▶

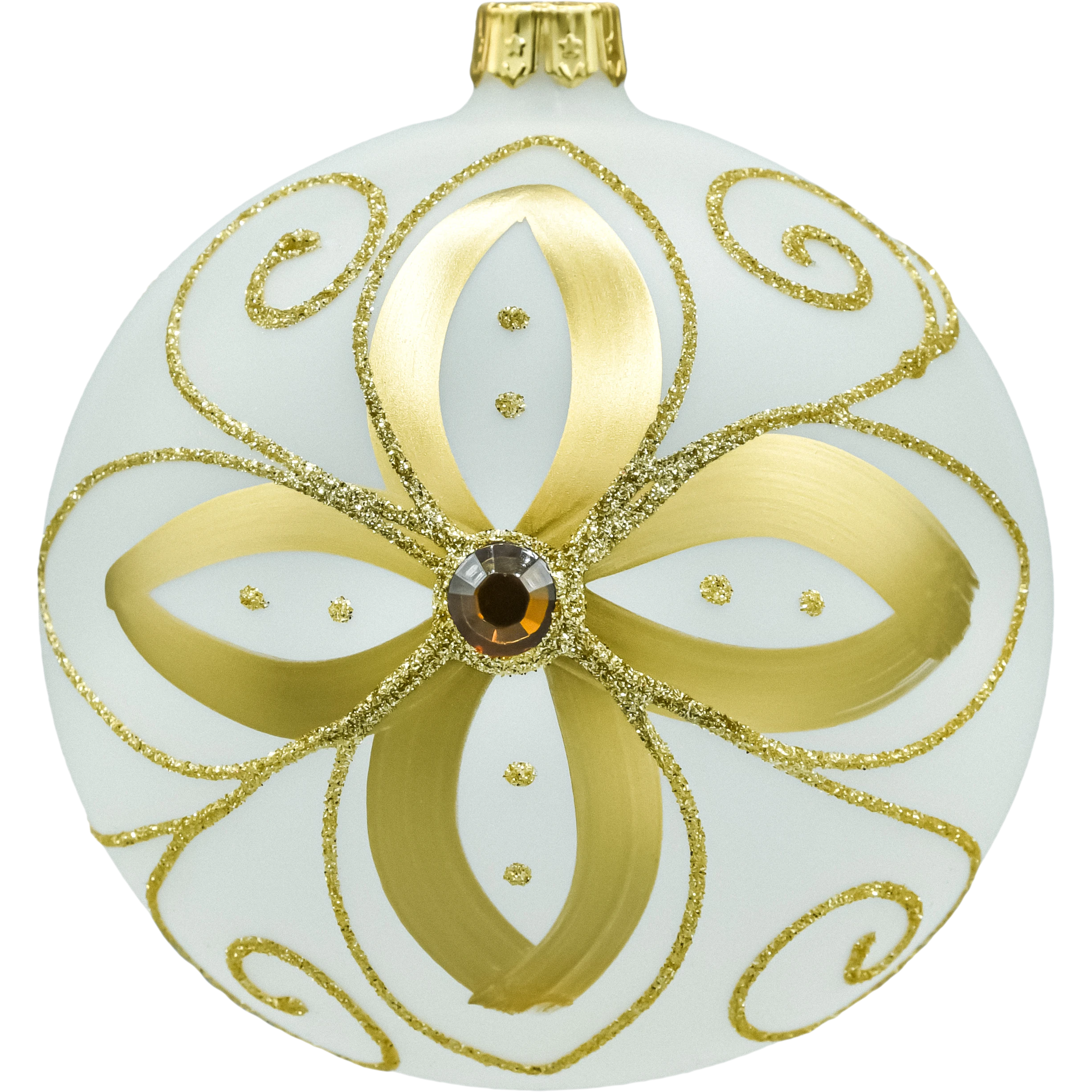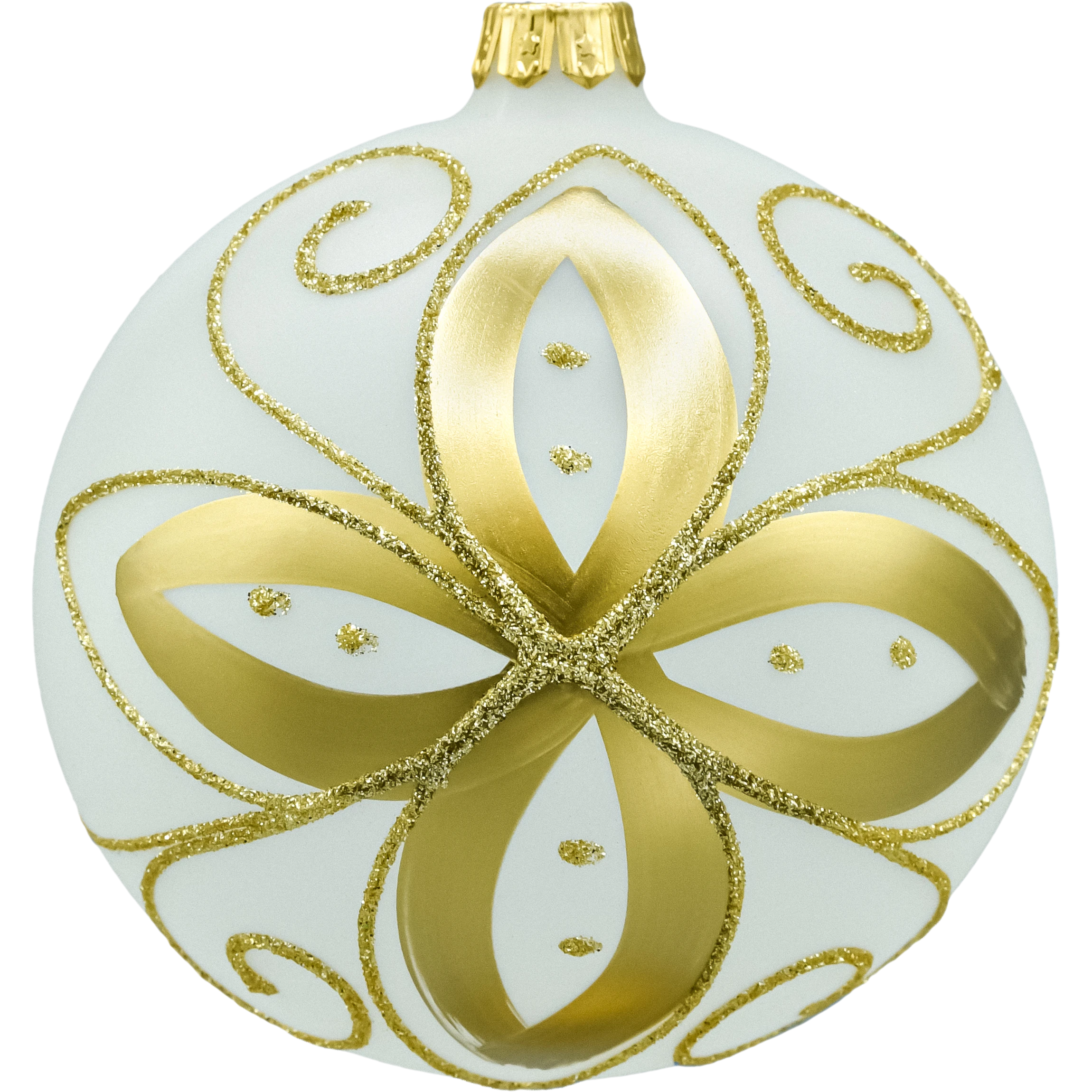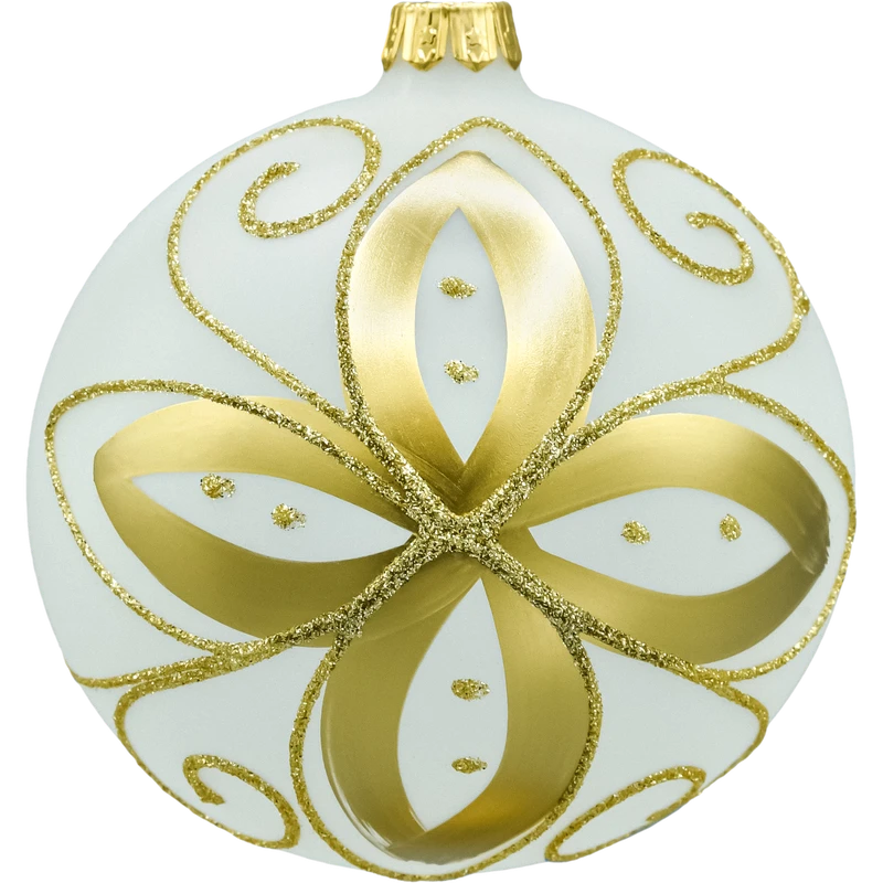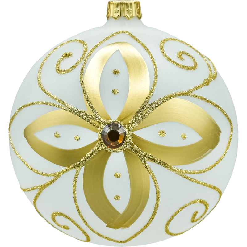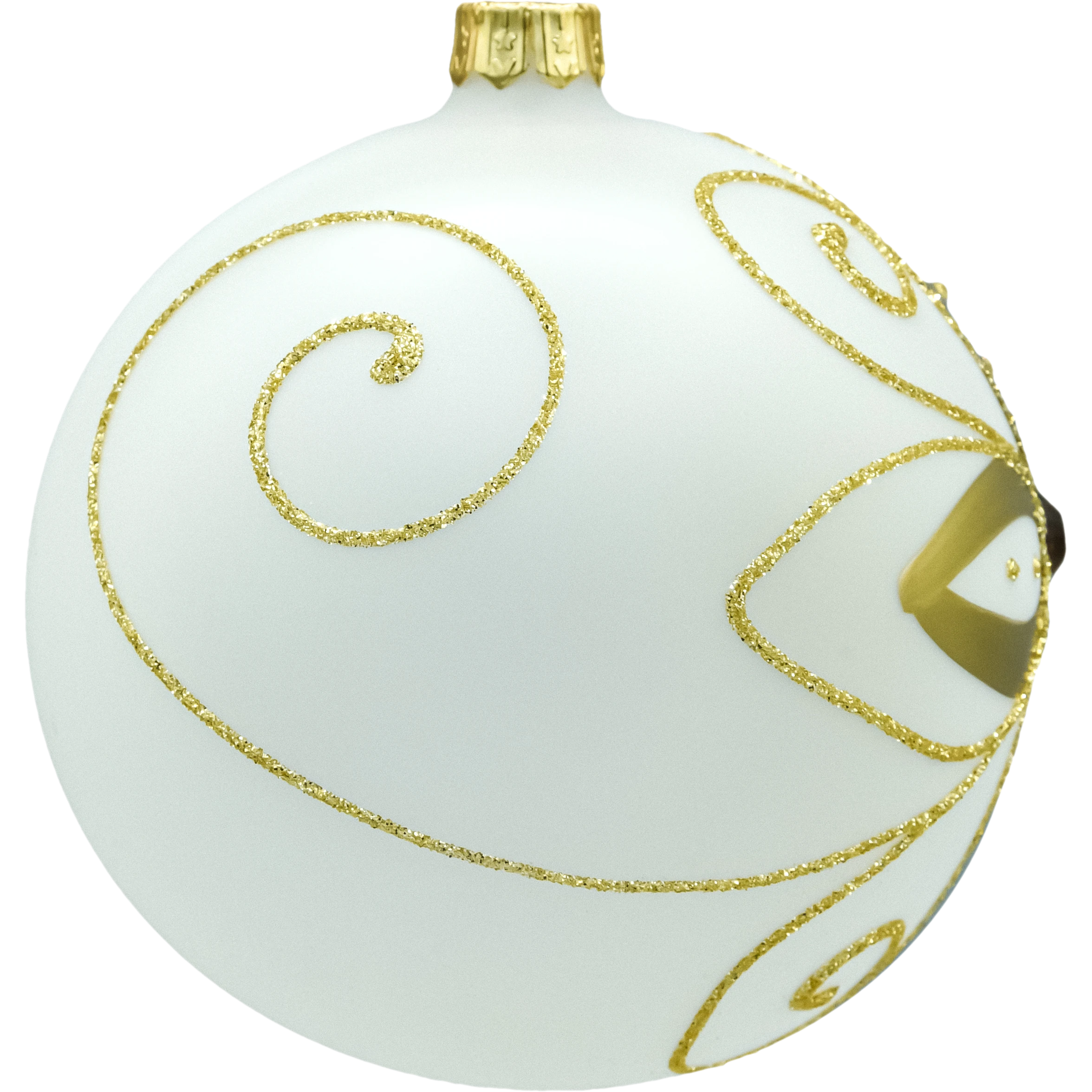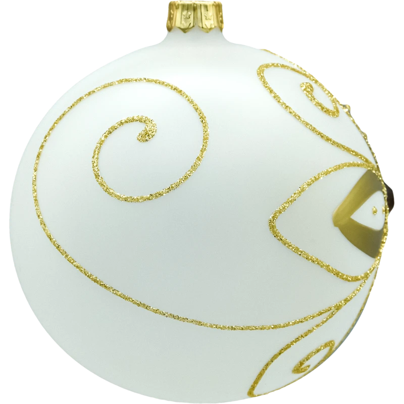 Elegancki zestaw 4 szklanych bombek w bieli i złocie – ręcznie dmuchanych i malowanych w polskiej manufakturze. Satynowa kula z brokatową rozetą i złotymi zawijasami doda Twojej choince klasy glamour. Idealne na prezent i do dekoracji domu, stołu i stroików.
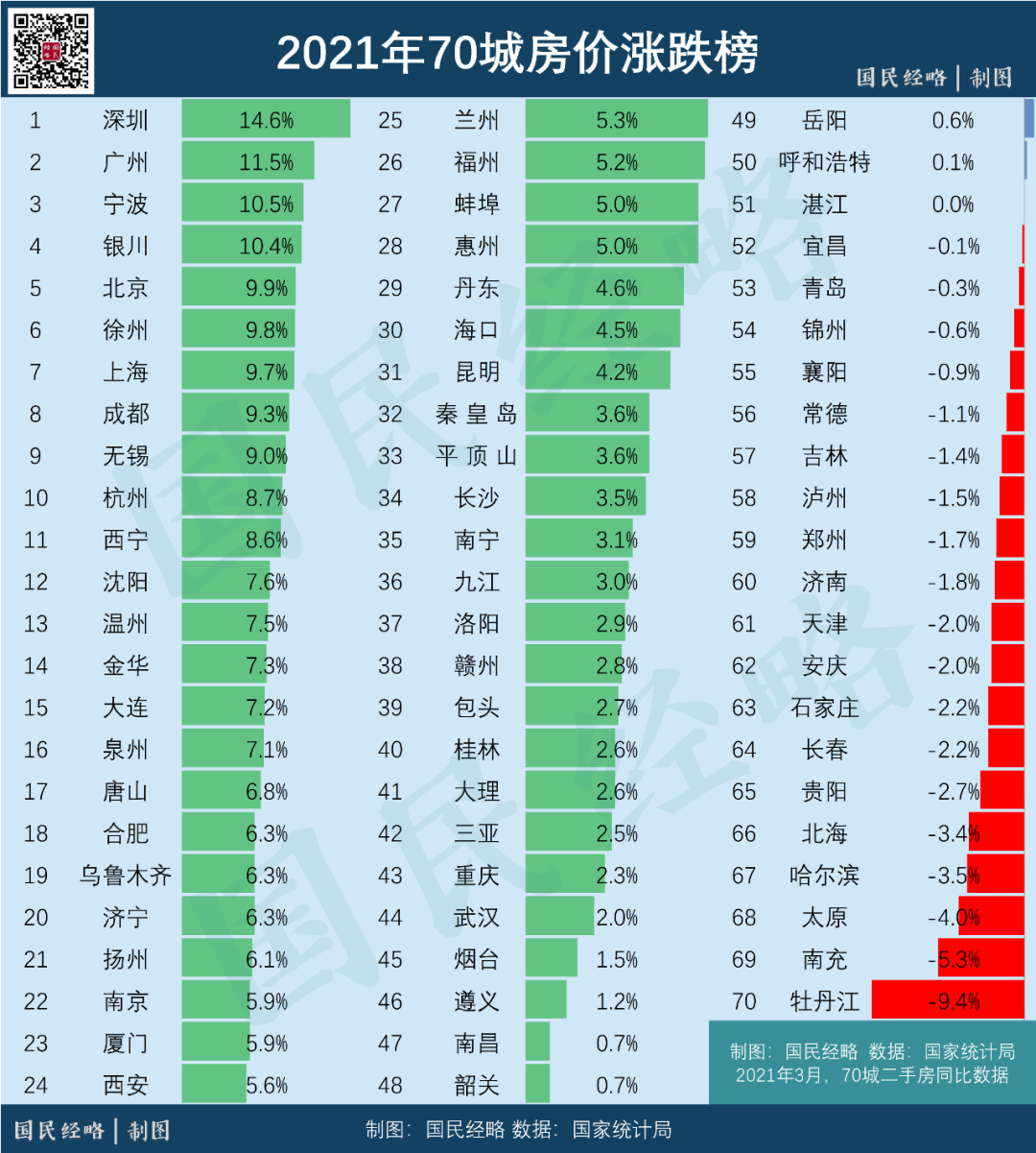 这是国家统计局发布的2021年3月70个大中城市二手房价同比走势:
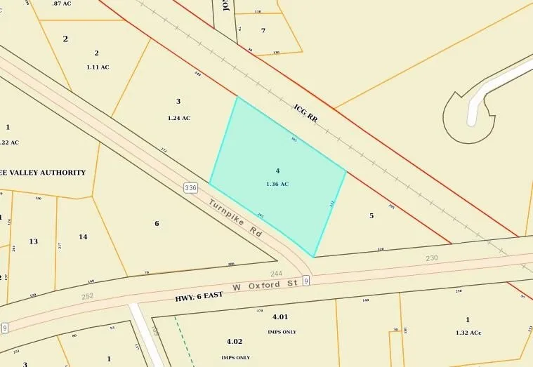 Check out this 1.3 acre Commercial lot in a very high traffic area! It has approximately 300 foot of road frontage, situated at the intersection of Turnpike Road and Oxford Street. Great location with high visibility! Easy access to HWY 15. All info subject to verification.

◀

:: EXERCISE ::
Any picture in the listing above gets left out; output the rest exactly.

:: SOLUTION ::
 Elegancki zestaw 4 szklanych bombek w bieli i złocie – ręcznie dmuchanych i malowanych w polskiej manufakturze. Satynowa kula z brokatową rozetą i złotymi zawijasami doda Twojej choince klasy glamour. Idealne na prezent i do dekoracji domu, stołu i stroików.
 这是国家统计局发布的2021年3月70个大中城市二手房价同比走势:
 Check out this 1.3 acre Commercial lot in a very high traffic area! It has approximately 300 foot of road frontage, situated at the intersection of Turnpike Road and Oxford Street. Great location with high visibility! Easy access to HWY 15. All info subject to verification.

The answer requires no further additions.